Sunday, September 25, 2011

Why Can't We Go Through Objects???

http://news.bbc.co.uk/2/hi/science/nature/6914175.stm

According to research, 99.9% of atom is empty spaced! So how can't we go through objects if all objects are made of atoms?
As you can see that electron in atom is so much smaller than proton but it has very strong negative charge. Electrons are moving around the circumference of nucleus in the speed of light.So when two atoms come into contact, the electrons of each atoms will repel. This is also base on the Pauli Exclusion Principle.

According to a book called Surface Chemistry of Solid and Liquid Interfaces
By H. Yıldırım Erbil states that: All the different kinds of interactions we have discussed so far have been attractive forces. There must also be some repulsive force, otherwise molecules would collapse. Two types of repulsive force have been considered in the preceeding sections: the Coulomb repulsion between like-charged ions, and the repulsion between atoms and molecules brought too close together which are very short-range. When repulsion occurs between to ions it is generally called Born repulsion. For the second example, the repulsive forces increase very suddenly as two atoms or molecules approach each other very closely, this is due to the repulsion between electron clouds overlapping at very small separations.

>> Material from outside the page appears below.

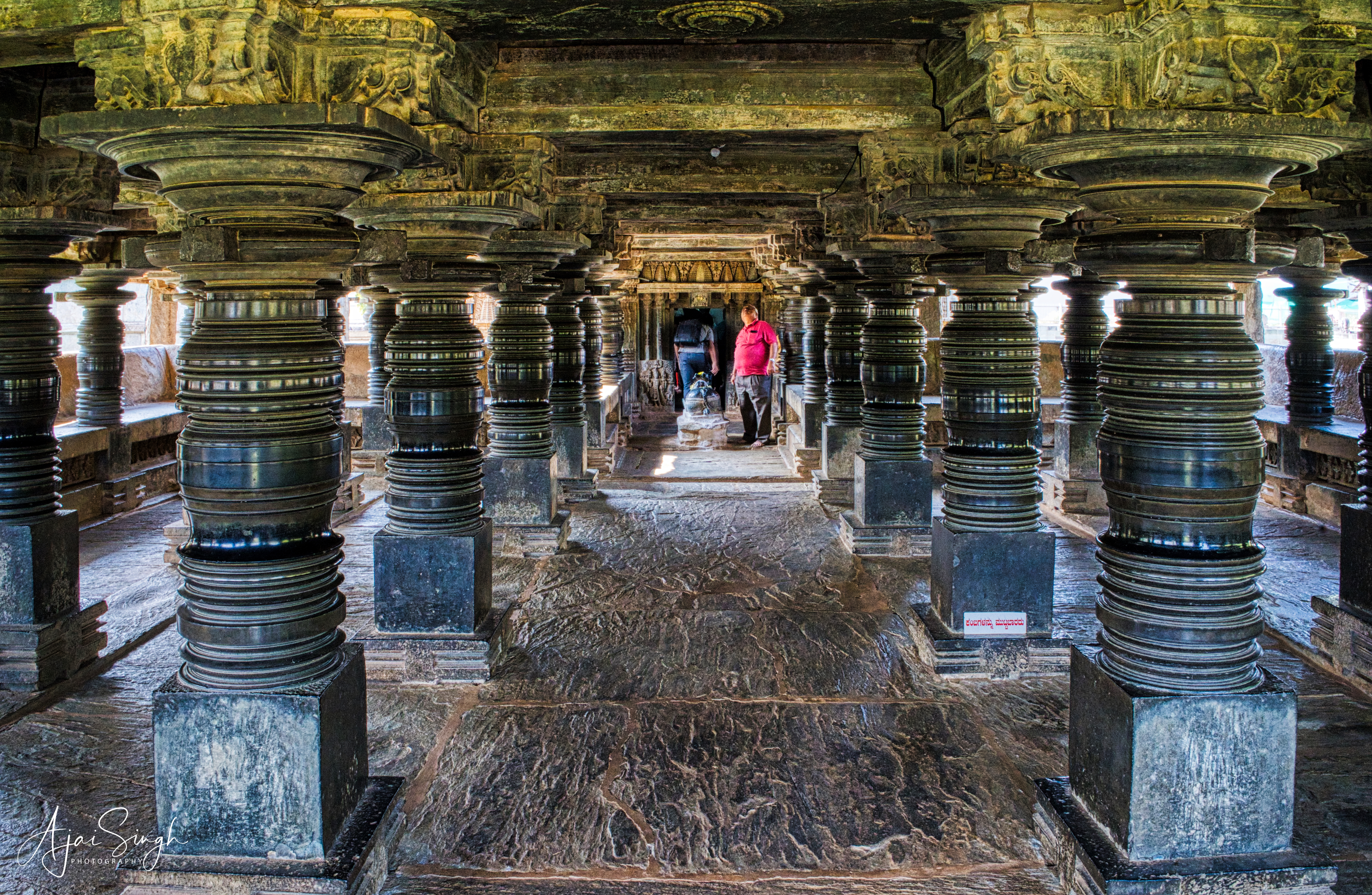 The open mantapa with its unique black pillars which support the ceiling. The polished finish could only be achieved by a lathe-type of machine. Image courtesy: Brig A.P. Singh - www.collectingmoments.in

This repulsion, which increases very steeply with decreasing distance, is due to the Pauli principle, which forbids outer electrons of one molecule from entering occupied orbitals of the other. This repulsion is called hard core or Born repulsion. We will use the name hard core repulsion for the interactions between two uncharged molecules in order to discriminate them from ionic repulsions. These repulsion interactions are quantum mechanical in nature and there is no general expression for their distance dependence, but some empirical potential functions are derived. Ha4rd core repulsions are responsible for the magnitude of the densities of solids and liquids.